__Task brief__
Here is a block of entries. Write out its lines exactly, from the first through the one containing "过去24小时内,BAY跌幅达".

[Data extracted from a collection]
▼
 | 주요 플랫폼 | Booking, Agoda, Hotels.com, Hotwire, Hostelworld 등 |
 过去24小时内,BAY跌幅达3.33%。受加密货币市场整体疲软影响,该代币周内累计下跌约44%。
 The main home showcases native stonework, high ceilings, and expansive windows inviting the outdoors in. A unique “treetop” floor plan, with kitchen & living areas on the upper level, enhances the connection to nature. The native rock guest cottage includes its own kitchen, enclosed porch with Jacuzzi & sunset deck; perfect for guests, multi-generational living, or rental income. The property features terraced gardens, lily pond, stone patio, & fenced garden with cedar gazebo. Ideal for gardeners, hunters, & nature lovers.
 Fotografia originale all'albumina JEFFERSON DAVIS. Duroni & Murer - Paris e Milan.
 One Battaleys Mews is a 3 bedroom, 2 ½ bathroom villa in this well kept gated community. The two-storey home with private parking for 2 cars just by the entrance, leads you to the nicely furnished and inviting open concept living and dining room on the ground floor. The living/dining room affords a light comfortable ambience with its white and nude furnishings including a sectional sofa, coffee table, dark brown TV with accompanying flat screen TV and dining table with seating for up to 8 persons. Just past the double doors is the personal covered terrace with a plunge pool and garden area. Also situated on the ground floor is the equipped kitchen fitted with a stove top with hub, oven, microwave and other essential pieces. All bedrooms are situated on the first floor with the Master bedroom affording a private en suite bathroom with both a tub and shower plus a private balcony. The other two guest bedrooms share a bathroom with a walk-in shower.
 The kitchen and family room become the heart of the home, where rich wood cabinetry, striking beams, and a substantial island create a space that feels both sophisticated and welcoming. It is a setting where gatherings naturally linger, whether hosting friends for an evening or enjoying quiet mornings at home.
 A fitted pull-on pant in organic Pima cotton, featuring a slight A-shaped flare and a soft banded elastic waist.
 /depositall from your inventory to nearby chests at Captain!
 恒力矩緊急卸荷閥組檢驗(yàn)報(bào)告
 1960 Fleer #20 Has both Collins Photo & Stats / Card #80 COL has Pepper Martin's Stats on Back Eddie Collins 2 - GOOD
▲
__Result of the task__
 | 주요 플랫폼 | Booking, Agoda, Hotels.com, Hotwire, Hostelworld 등 |
 过去24小时内,BAY跌幅达3.33%。受加密货币市场整体疲软影响,该代币周内累计下跌约44%。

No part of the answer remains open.